▶ Task objective:
Lines in the records below that contain the word "Sassafras" must each be copied.

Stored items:
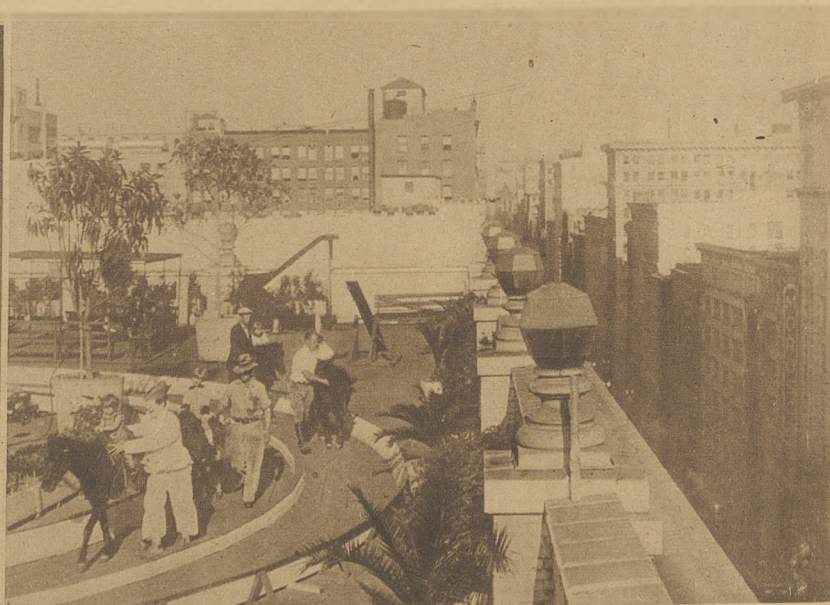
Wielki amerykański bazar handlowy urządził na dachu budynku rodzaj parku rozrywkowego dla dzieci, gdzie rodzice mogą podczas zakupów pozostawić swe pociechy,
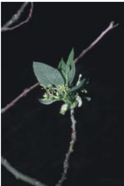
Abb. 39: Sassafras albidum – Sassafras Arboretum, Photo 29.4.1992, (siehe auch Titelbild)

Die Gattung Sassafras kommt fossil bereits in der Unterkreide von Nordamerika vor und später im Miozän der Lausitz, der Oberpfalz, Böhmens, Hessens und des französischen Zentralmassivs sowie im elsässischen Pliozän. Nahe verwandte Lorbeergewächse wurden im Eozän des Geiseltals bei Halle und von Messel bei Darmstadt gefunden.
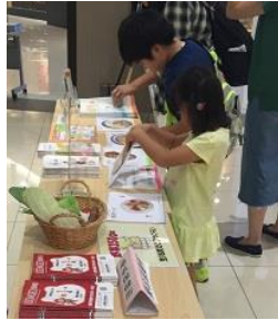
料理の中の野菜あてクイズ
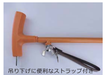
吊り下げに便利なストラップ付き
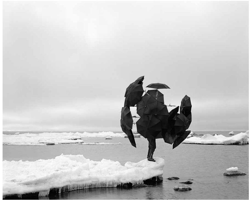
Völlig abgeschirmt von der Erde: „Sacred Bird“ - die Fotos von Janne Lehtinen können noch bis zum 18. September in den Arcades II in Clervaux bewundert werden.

---

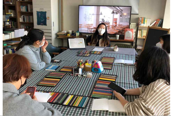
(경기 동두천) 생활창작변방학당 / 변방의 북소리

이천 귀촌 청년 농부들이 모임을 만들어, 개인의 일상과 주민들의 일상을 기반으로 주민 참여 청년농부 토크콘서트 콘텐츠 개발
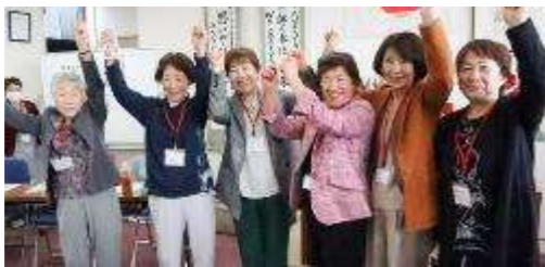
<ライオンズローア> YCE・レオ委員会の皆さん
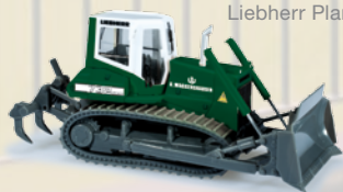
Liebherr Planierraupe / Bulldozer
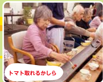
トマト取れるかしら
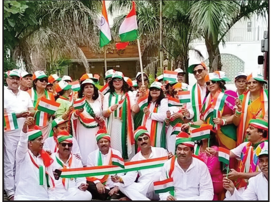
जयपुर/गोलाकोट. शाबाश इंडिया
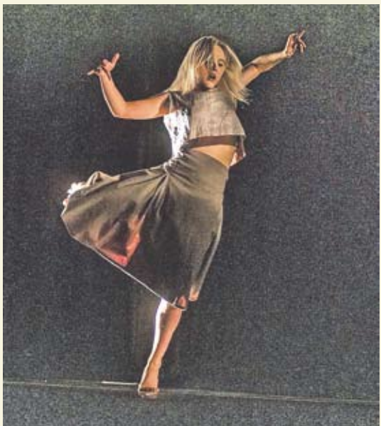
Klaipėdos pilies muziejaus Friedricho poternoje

▶ Solution for this task:
Abb. 39: Sassafras albidum – Sassafras Arboretum, Photo 29.4.1992, (siehe auch Titelbild)
Die Gattung Sassafras kommt fossil bereits in der Unterkreide von Nordamerika vor und später im Miozän der Lausitz, der Oberpfalz, Böhmens, Hessens und des französischen Zentralmassivs sowie im elsässischen Pliozän. Nahe verwandte Lorbeergewächse wurden im Eozän des Geiseltals bei Halle und von Messel bei Darmstadt gefunden.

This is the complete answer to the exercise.